In the last few months, there has been increased discussion about the costs of delivering content from the Internet to the end user, and in particular, applications like iPlayer which are quite bandwidth intensive. Service providers are struggling to meet the bandwidth demands of users who are getting increasingly used to bandwidth hungry applications, at a price the users are willing to pay.
In a blog post by Anthony Rose, head of BBC Digital Media Technology, it has emerged that the BBC is in the process of switching its iPlayer hosting from current content distribution network (CDN) Akamai to Level 3 Communications prompting concern from a number of service providers about the increased cost burden this is likely to place on them.
"Zen Internet is expecting the decision to increase its costs as economically, all but a select few large networks must pay Level(3) to receive traffic originated within their network. The previous solution using Akamai used content hosted on a large number of small networks which are sited close to end-users and to which access is freely given. This removes the reliance on a single network, improving robustness."
Zen Internet Spokesman
This may not seem significant to the average user, but in reality this is likely to increase the costs for small and medium sized service providers due to the way traffic on the Internet is exchanged. The BBC's own network and Akamai are known within the service provider community as "open peers" which means they will usually exchange traffic with anyone who asks free-of-charge by "peering" with other network operators. On the other hand, Level 3 is a tier-1 network which has a very strict peering policy, only exchanging traffic with the largest of network operators free-of-charge. Those not able to 'peer' will have no option but to pay either Level 3 or another company who peers with Level 3 for the service of exchanging traffic.

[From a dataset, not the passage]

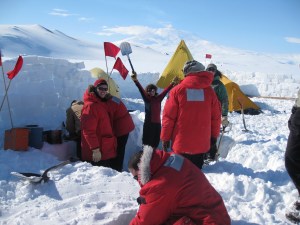 The idea is to train all those going out in the field about how to survive. You know, dig survival trenches, start a stove, operate a HF radio, risk management theory, and a white-out scenario (Bucket heads). Joining me was our mountain guide instructor and nine other students: 3 scientist grantees, 2 janitors, 1 IT instructor, 2 firefighters, and 1 kitchen staff.
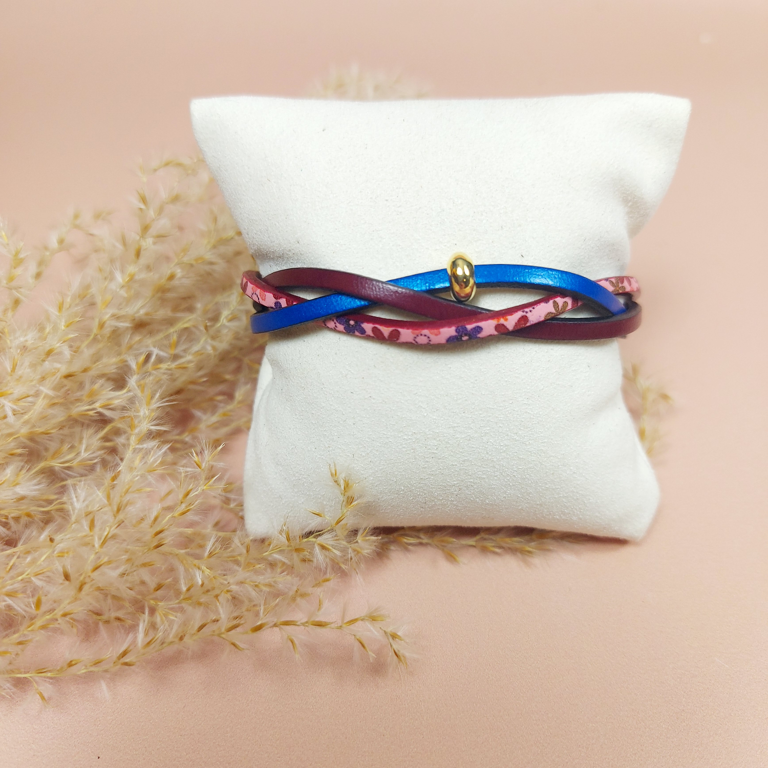 Soyez le premier à laisser votre avis sur “Bracelet 3 brins entrelacés bleu, prune et fleuri”

There is a suspicion, at least within part of the network operator community, that the BBC is reducing its hosting costs by switching from Akamai to Level 3, since Level 3 is able to charge service providers for access to its network, and thus shifting costs from the BBC to the broadband service providers which may put pressure on the price margins of smaller providers.
Level3??? Tier 1 or Tier 3, has their reliability improved since a couple of years ago when I stopped watching? If not, folks had better dig out their VCRs, PVRs, or whatever's trendy this year (maybe I'll see if I can get MythTV working). That only helps if it's broadcast stuff though.
Who's actually driving this cost reduction exercise? The BBC themselves, or the Siemens subsidiary the BBC outsourced their techy stuff to a few years back?